Depth-First Iterative Deepening (1985) [pdf] - brudgers
http://www.cse.sc.edu/~mgv/csce580f09/gradPres/korf_IDAStar_1985.pdf

======
austinl
I recently implemented depth-first iterative deepening in an Artificial
Intelligence class project to solve the classic missionaries and cannibals
problem [0]. The professor remarked that while there have been some
optimizations over the last few decades, using them can be quite messy – to
the point where the combination of A* and iterative deepening is still
commonly used in the field.

I'm fairly certain that the claim in the introduction – "Unfortunately,
current AI texts either fail to mention this algorithm or refer to it only in
the context of two-person game searches" – is no longer true.

From my current textbook (Artificial Intelligence: A Modern Approach [1]):

"Iterative deepening search (or iterative deepening depth-first search) is a
general strategy, often used in combination with depth-first tree search, that
finds the best depth limit.

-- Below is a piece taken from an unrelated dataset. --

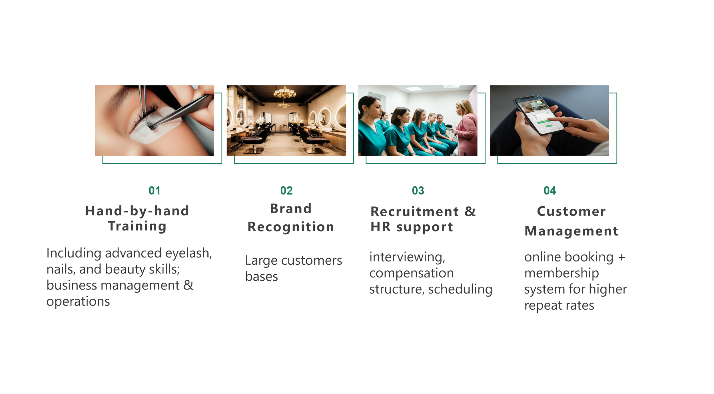 At Queenly Beauty, we don’t just hand you the keys — we walk beside you from day one. From hands‑on training in the latest eyelash, nail and beauty techniques, to proven business management guidance, you’ll have expert support at every stage.
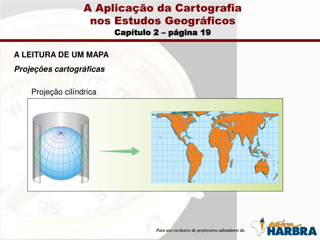 A Aplicação da Cartografianos Estudos Geográficos Capítulo 2 – página 19 A LEITURA DE UM MAPA Projeções cartográficas Projeção cilíndrica

It does this by gradually increasing the limit —
first 0, then 1, then 2, and so on — until a goal is found... In general,
iterative deepening is the preferred uninformed search method when the search
space is large and the depth of the solution is not known."

[0]
[http://en.wikipedia.org/wiki/Missionaries_and_cannibals_prob...](http://en.wikipedia.org/wiki/Missionaries_and_cannibals_problem)

[1] [http://www.amazon.com/Artificial-Intelligence-Modern-
Approac...](http://www.amazon.com/Artificial-Intelligence-Modern-Approach-
Edition/dp/0136042597)